1) Matlock, US ambassador in Moscow when the Wall fell.
2) Ray McGovern, ex CIA.
3) Lavrov, Foreign Affairs, Russia, 2014.
See also: http://xevolutie.blogspot.nl/2014/11/399-gorbachov-on-nato-going-east-what.html
Jack F. Matlock Jr., ambassador to the U.S.S.R. from 1987 to 1991, is the author of “Reagan and Gorbachev: How the Cold War Ended.”
One afternoon in September 1987, Secretary of State George Shultz settled in a chair across the table from Soviet Foreign Minister Eduard Shevardnadze in a New York conference room. Both were in the city for the United Nations General Assembly.

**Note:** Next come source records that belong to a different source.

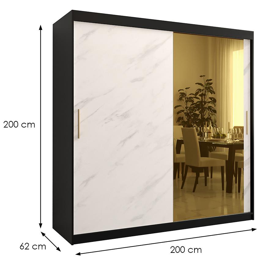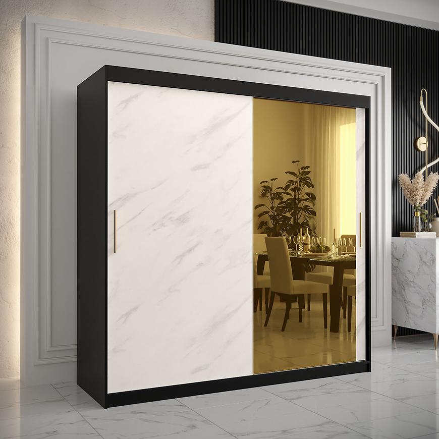 Czarne wybarwienie korpusu nadaje meblowi elegancji i ponadczasowego uroku. Kontrastuje ono z kolorowym akcentem białego marmuru na frontach, co nadaje szafie wyjątkowego charakteru. Kolorystyka ta doskonale komponuje się z nowoczesnym stylem, dodając pomieszczeniu stylowego i świeżego wyglądu.
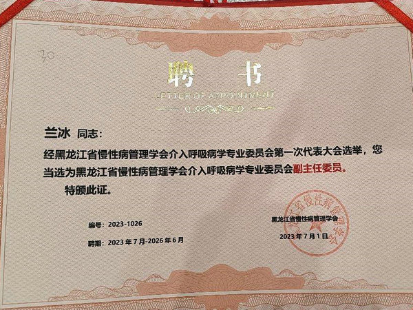 7月1日,黑龙江省慢性病管理学会介入呼吸病学专业委员会成立大会暨学术研讨会在哈尔滨市召开,齐医附属二院当选基层副主任委员单位,呼吸内科一病区主治医师兰冰当选基层副主任委员。
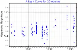 20 Aquilae, abbreviated 20 Aql, is an irregular variable[11] star in the equatorial constellation of Aquila. 20 Aquilae is its Flamsteed designation. It ranges in magnitude from a peak of 5.33 down to 5.36, which is bright enough for the star to be visible to the naked eye.[12] The estimated distance to this star is around 920 light years, based upon an annual parallax shift of 3.5 mas.[2] The star is moving closer to the Earth with a heliocentric radial velocity of −23 km/s.[7]
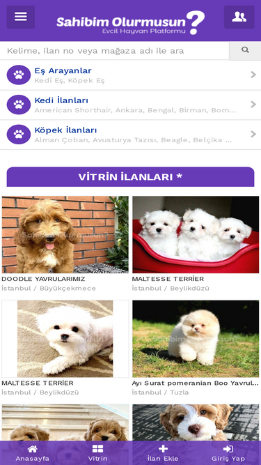 76%Türkiye'nin en güvenilir köpek, kedi, evcil hayvan ilan sitesi Nettepet'te aradığınız evcil arkadaşı bulun. Yavru ve yetişkin köpek ilanları için tıklayın!
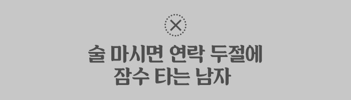 평상시에는 그렇게 연락도 자주 하고 항상 여친의 스케줄에 맞춰 생활하는 자상함이 다 무슨 소용인가? 술자리에 가면 저녁 7시부터 다음 날 새벽 6시까지 잠수 타는 게 습관인 남자와는 미래가 없다. 폭력적으로 변하는 것도 아니요, 술값을 호기롭게 내는 습관이 있는 것도 아니요, 심지어 2차로 룸살롱에 가는 것도 아닌데, 왜 안 될까? 습관적으로 잠수를 타는 남자들은 술을 이기지 못할 정도로 폭음을 하고 잠수를 타는 것에 대해 고칠 생각이 없거나 일종의 술자리 루틴으로 여긴다. 늘 그래왔기 때문에 앞으로도 늘 그럴 것이다. 여자친구가 아무리 걱정하고 변화를 요구해도 이미 그에게 노력할 마음은 없다. ‘기억이 안 난다’는 말로 지난밤의 과오를 은근슬쩍 넘어가려 한다. 뜬눈으로 지새며 꼴딱 밤을 새고 자신을 걱정한 여자에게 미안함 따윈 없다. “평소엔 자상하고 성실한데 술만 마시면 그래”라는 말로 그를 억지 춘향으로 이해하는 순간, 앞으로 펼쳐질 수많은 잠수의 나날을 기대해도 좋다. 연락 두절과 잠수도 어김없이 주사다.
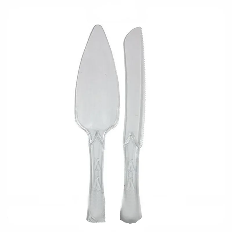 “ست چاقو و کفگیر شفاف از جنس پلاستیک مقاوم، مناسب برای برش و سرو کیک در جشنهای مختلف.”

As he habitually did at the start of such meetings , Shultz handed Shevardnadze a list of reported human rights abuses in the Soviet Union. Shevardnadze’s predecessor, Andrei Gromyko, had always received such lists grudgingly and would lecture us for interfering in Soviet internal affairs.
This time, though, Shevardnadze looked Shultz in the eye and said through his interpreter: “George, I will check this out, and if your information is correct, I will do what I can to correct the problem. But I want you to know one thing: I am not doing this because you ask me to; I am doing it because it is what my country needs to do.”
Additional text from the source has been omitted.